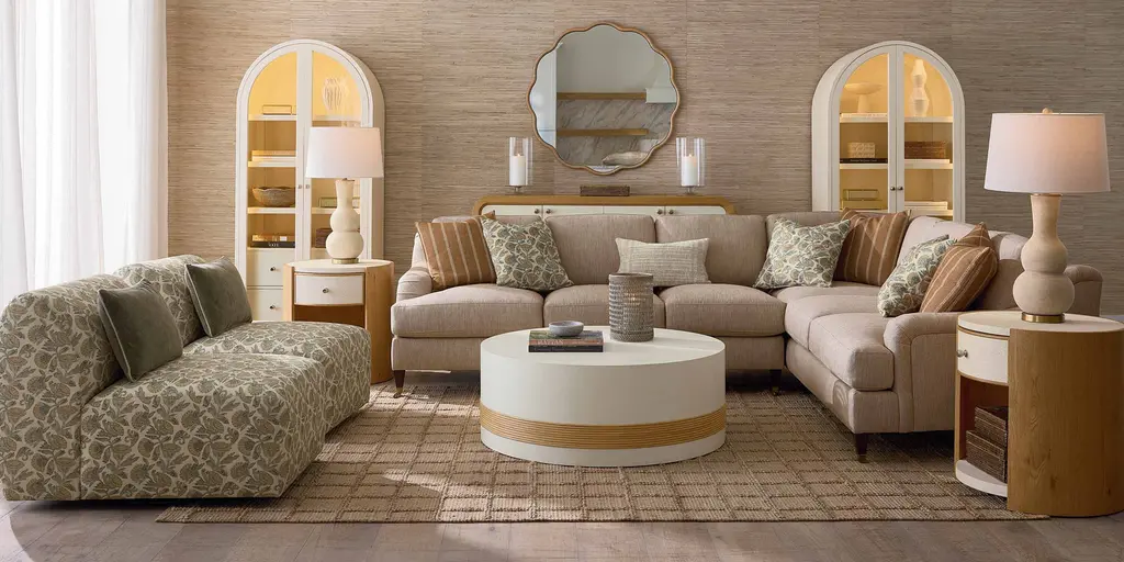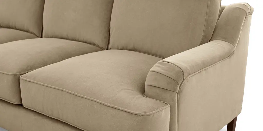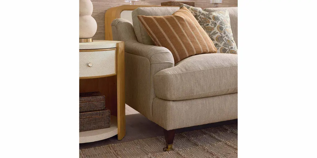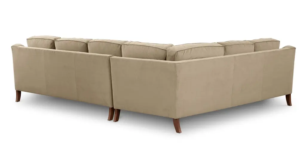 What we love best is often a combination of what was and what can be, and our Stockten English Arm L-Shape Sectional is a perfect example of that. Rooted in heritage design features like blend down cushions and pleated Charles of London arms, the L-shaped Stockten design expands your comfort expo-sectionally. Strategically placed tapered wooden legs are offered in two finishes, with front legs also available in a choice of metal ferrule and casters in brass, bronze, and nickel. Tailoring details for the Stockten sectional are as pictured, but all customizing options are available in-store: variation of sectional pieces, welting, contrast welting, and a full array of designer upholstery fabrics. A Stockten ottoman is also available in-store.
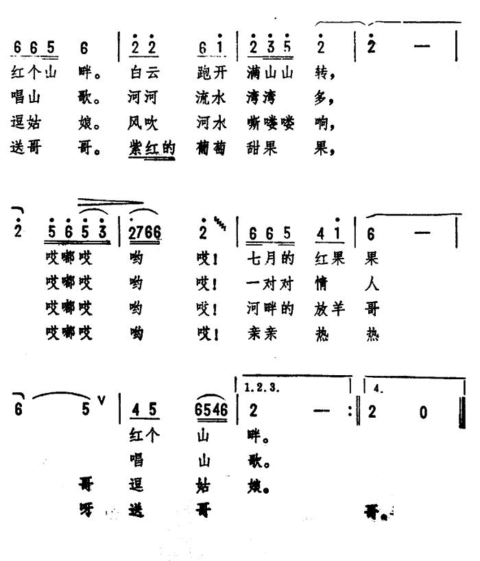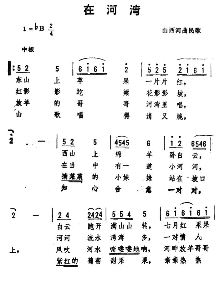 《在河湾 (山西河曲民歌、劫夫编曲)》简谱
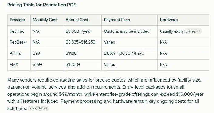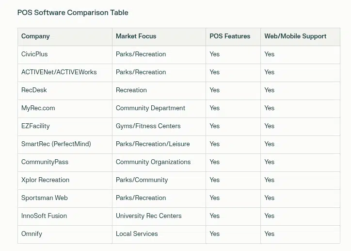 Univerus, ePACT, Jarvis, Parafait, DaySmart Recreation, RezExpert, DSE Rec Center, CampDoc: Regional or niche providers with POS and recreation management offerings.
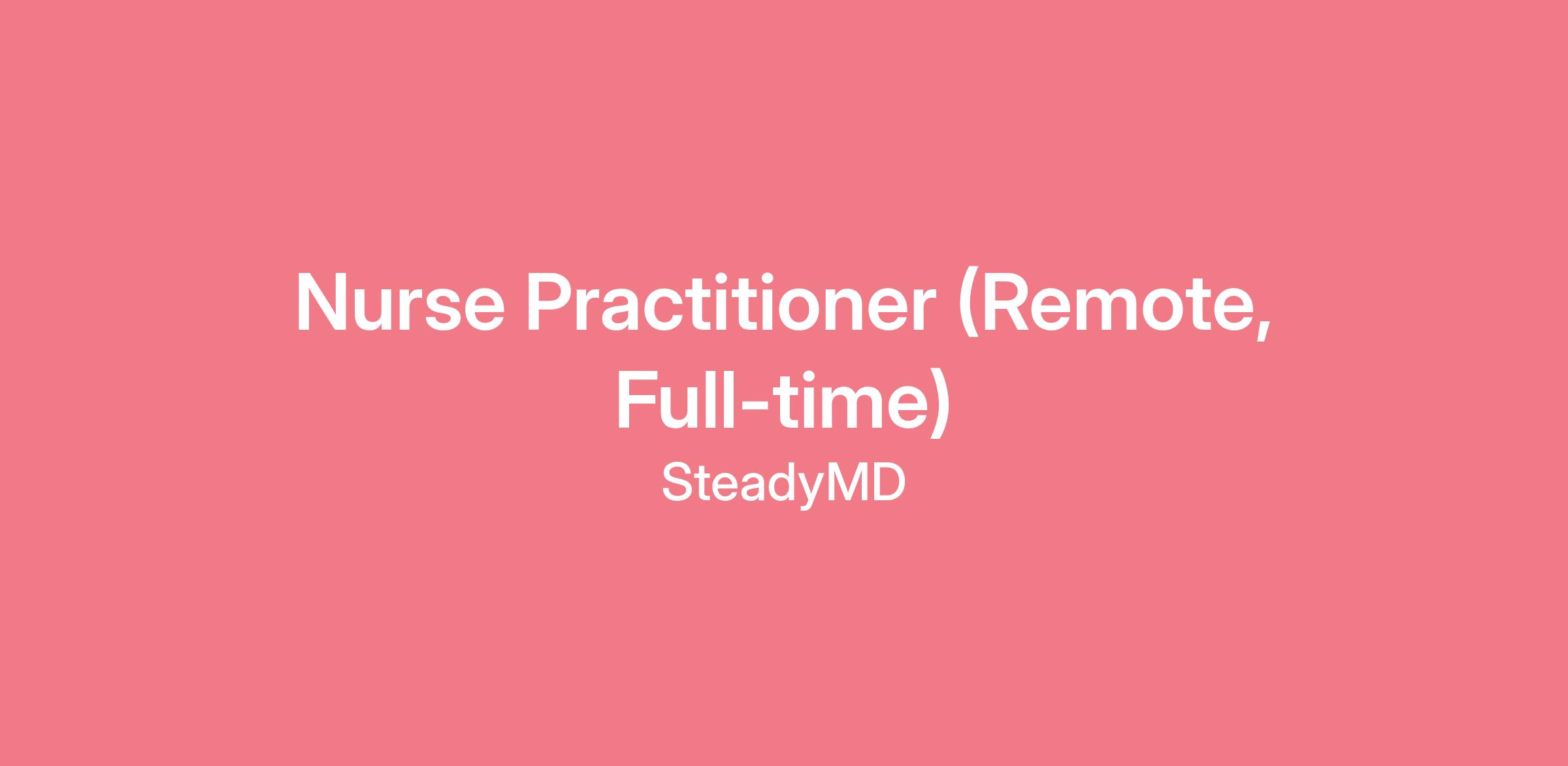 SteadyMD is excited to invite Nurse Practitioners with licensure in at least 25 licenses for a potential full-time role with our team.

* * *

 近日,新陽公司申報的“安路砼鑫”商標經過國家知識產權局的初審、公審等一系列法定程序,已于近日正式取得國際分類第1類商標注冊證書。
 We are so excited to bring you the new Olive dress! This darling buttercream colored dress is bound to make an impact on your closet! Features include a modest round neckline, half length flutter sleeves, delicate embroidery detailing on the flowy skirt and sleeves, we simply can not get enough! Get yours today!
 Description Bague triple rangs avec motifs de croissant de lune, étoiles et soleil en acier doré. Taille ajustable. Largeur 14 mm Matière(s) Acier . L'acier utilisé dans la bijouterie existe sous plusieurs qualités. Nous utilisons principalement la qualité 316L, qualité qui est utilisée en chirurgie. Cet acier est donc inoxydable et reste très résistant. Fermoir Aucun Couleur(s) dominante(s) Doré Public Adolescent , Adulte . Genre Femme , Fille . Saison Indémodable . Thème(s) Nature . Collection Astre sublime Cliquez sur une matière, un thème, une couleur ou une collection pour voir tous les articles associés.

YOUR OBJECTIVE: Restate word for word only the lines above from the line containing "We are so excited" to the line containing "Description Bague triple", both of them included.

TASK OUTPUT:
 We are so excited to bring you the new Olive dress! This darling buttercream colored dress is bound to make an impact on your closet! Features include a modest round neckline, half length flutter sleeves, delicate embroidery detailing on the flowy skirt and sleeves, we simply can not get enough! Get yours today!
 Description Bague triple rangs avec motifs de croissant de lune, étoiles et soleil en acier doré. Taille ajustable. Largeur 14 mm Matière(s) Acier . L'acier utilisé dans la bijouterie existe sous plusieurs qualités. Nous utilisons principalement la qualité 316L, qualité qui est utilisée en chirurgie. Cet acier est donc inoxydable et reste très résistant. Fermoir Aucun Couleur(s) dominante(s) Doré Public Adolescent , Adulte . Genre Femme , Fille . Saison Indémodable . Thème(s) Nature . Collection Astre sublime Cliquez sur une matière, un thème, une couleur ou une collection pour voir tous les articles associés.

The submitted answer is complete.